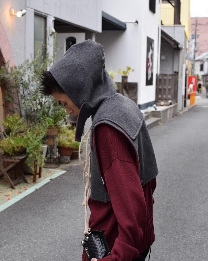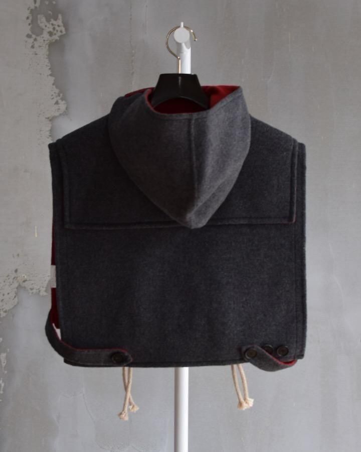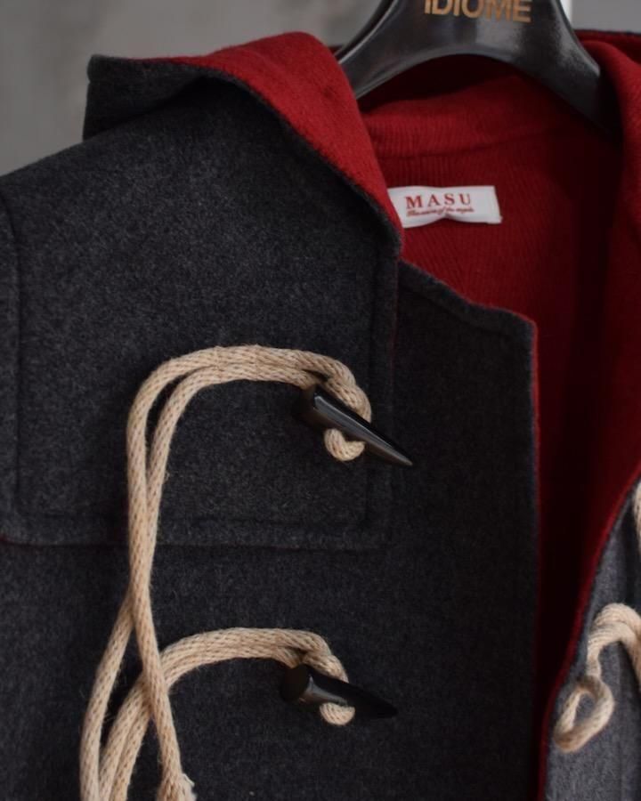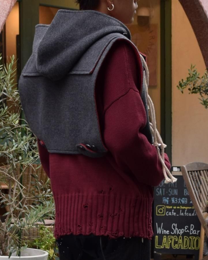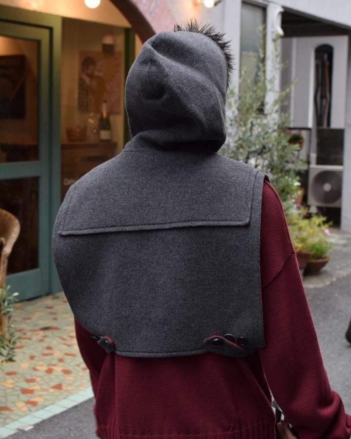 ダッフルコートを解体したようなデザインや、うなだれた紐はそのままに生地や付属の変更、フードをより深くするなど、細やかにアップデートされた。
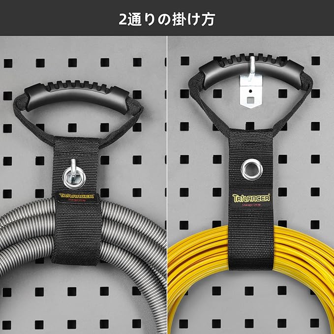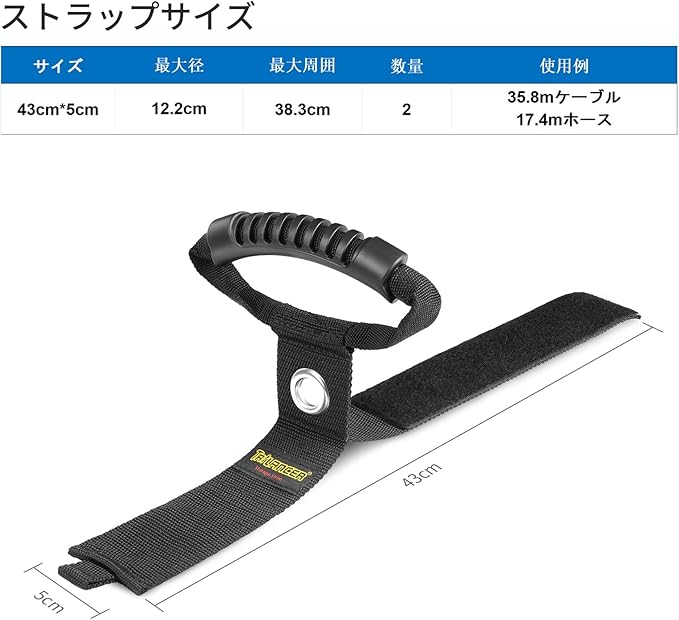 延長コード・ホースオーガナイザー(2パック)ガレージや作業場用ハンドル付き、43 cmの丈夫なマジック式キャリーストラップ、ハンガー、ケーブルオーガナイザー、プール&庭用ホース、ワイヤー、ケーブル向けハンガー
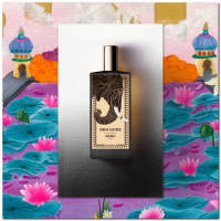 Индия, её необъятные просторы. Их можно ощутить, уловив пигмент, кожаный аккорд, который раскрывается вокруг сердца из киприола: это растение с его мощной, насыщенной, дымной нотой — друг индийских рек. Оно ассоциируется с романтическим успехом, его использовали в качестве ритуального аромата для женских сари и ухаживали с его помощью за мужскими сердцами. Это также напоминает о рикшах, небесах, цветах, подношениях, улыбках, огнях, блюдах, тысячелетиях, животных, дворцах, пейзажах. От Мумбаи до Кочи, от Калькутты до Бангалора — сколько бы вы ни смотрели, везде вас ждут новые впечатления. Путешествие вымощено бесконечностью, мудростью, деревом и цветами, его ритм отмечен эссенцией уда, ладаном и стираксом, а также абсолютами розы и жасмина. Всё в нём великолепно, как будто время и пространство заключили необычайный договор с помощью Ганеши, бога с головой слона. Экстракт стручков ванили, а затем эссенция пачули, с севера на юг, каждое видение обретает новую остроту, ощутимую плотность, более насыщенное движение. Оно манит нас снова и снова, чтобы мы могли насладиться его вечными сюрпризами, и мы никогда не перестаём наслаждаться его ароматом.
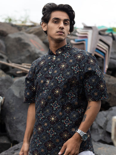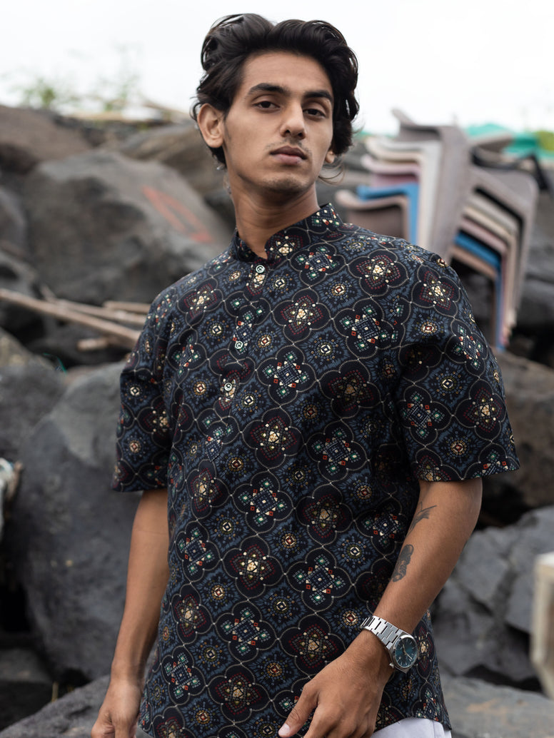 Black Modern Printed Men's Shirt Kurta: Casual Festive Trend

EXERCISE —
Repeat each line of the listing word for word, from the first through the line that contains "延長コード・ホースオーガナイ". Any picture stays out.

EXERCISE RESPONSE —
 ダッフルコートを解体したようなデザインや、うなだれた紐はそのままに生地や付属の変更、フードをより深くするなど、細やかにアップデートされた。
 延長コード・ホースオーガナイザー(2パック)ガレージや作業場用ハンドル付き、43 cmの丈夫なマジック式キャリーストラップ、ハンガー、ケーブルオーガナイザー、プール&庭用ホース、ワイヤー、ケーブル向けハンガー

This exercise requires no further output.